■ **EXERCISE AIM**
Without any pictures, print exactly the lines that run from the start of the data through the line containing "Onyx náhrdelník 80".

■ **RECORDED INFORMATION**

****************

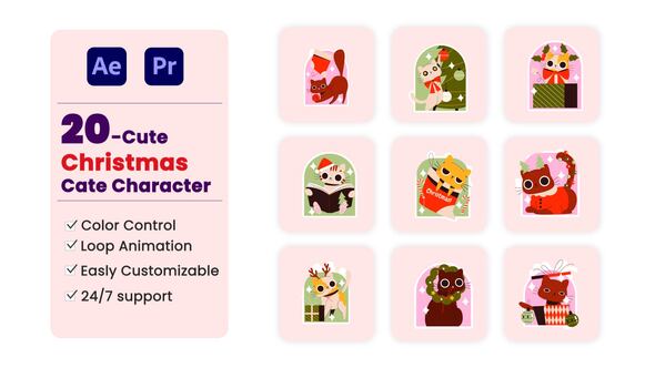 The Christmas Cat Illustration Character Pack for After Effects and Premiere Pro CC 2021 features 20 customizable, vector-based characters, ideal for festive projects and marketing materials.
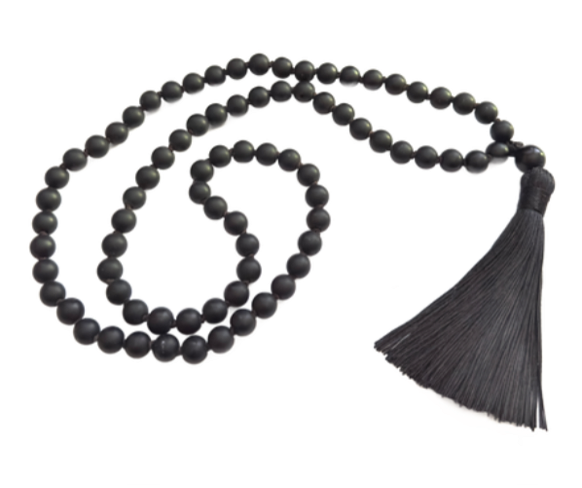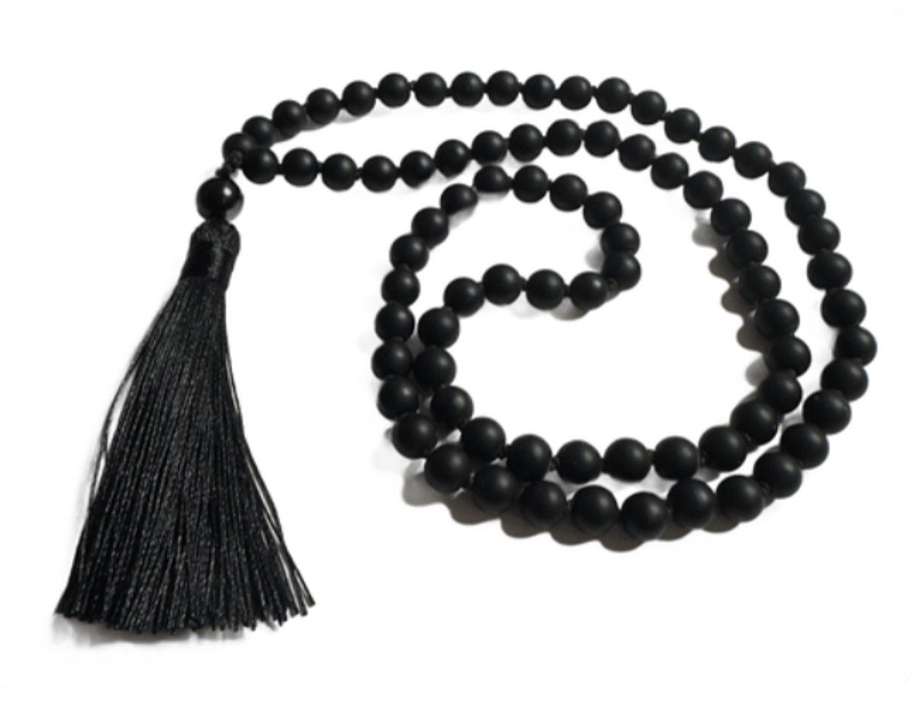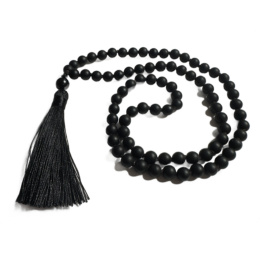 Onyx náhrdelník 80 + 1 kuliček matný meditační šperk, přírodní kámen, vázaný střapec, korálek 8 mm
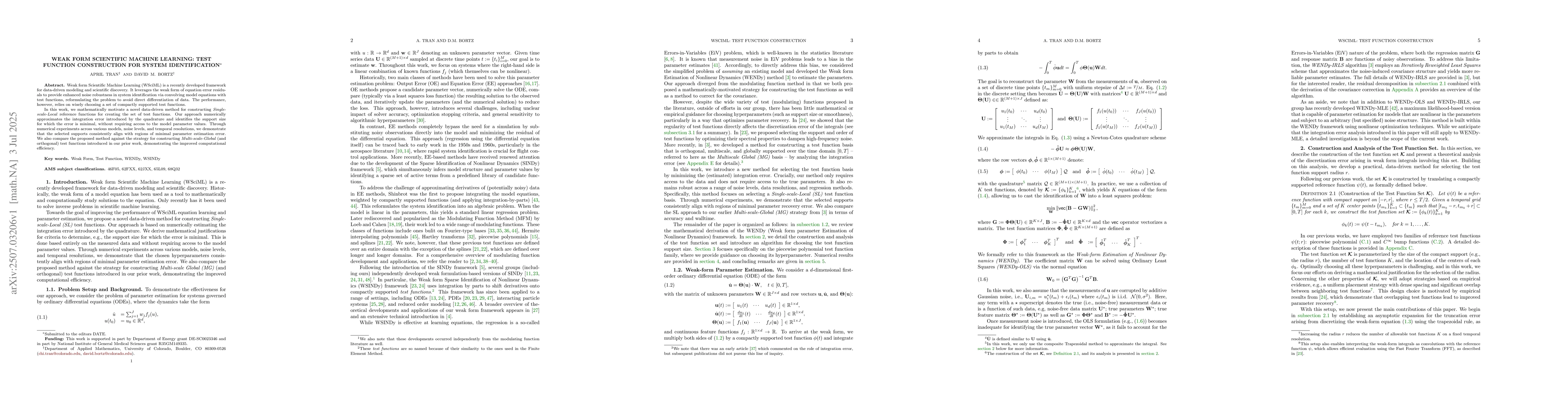 Weak form Scientific Machine Learning (WSciML) is a recently developed framework for data-driven modeling and scientific discovery. It leverages the weak form of equation error residuals to provide enhanced noise robustness in system identification via convolving model equations with test functions, reformulating the problem to avoid direct differentiation of data. The performance, however, relies on wisely choosing a set of compactly supported test functions. In this work, we mathematically motivate a novel data-driven method for constructing Single-scale-Local reference functions for creating the set of test functions. Our approach numerically approximates the integration error introduced by the quadrature and identifies the support size for which the error is minimal, without requiring access to the model parameter values. Through numerical experiments across various models, noise levels, and temporal resolutions, we demonstrate that the selected supports consistently align with regions of minimal parameter estimation error. We also compare the proposed method against the strategy for constructing Multi-scale-Global (and orthogonal) test functions introduced in our prior work, demonstrating the improved computational efficiency.
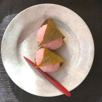 関西風桜餅のご紹介です。炊飯器で炊いたピンクのもち米を、粗く潰し、市販のこしあんを包みました。桜の葉の塩漬けで巻くと、香りや風味がもち米に染みこみ、美味しくいただけます。簡単にお作りいただけるのでぜひお試しください。

****************

■ **OUTPUT OF THE TASK**
 The Christmas Cat Illustration Character Pack for After Effects and Premiere Pro CC 2021 features 20 customizable, vector-based characters, ideal for festive projects and marketing materials.
 Onyx náhrdelník 80 + 1 kuliček matný meditační šperk, přírodní kámen, vázaný střapec, korálek 8 mm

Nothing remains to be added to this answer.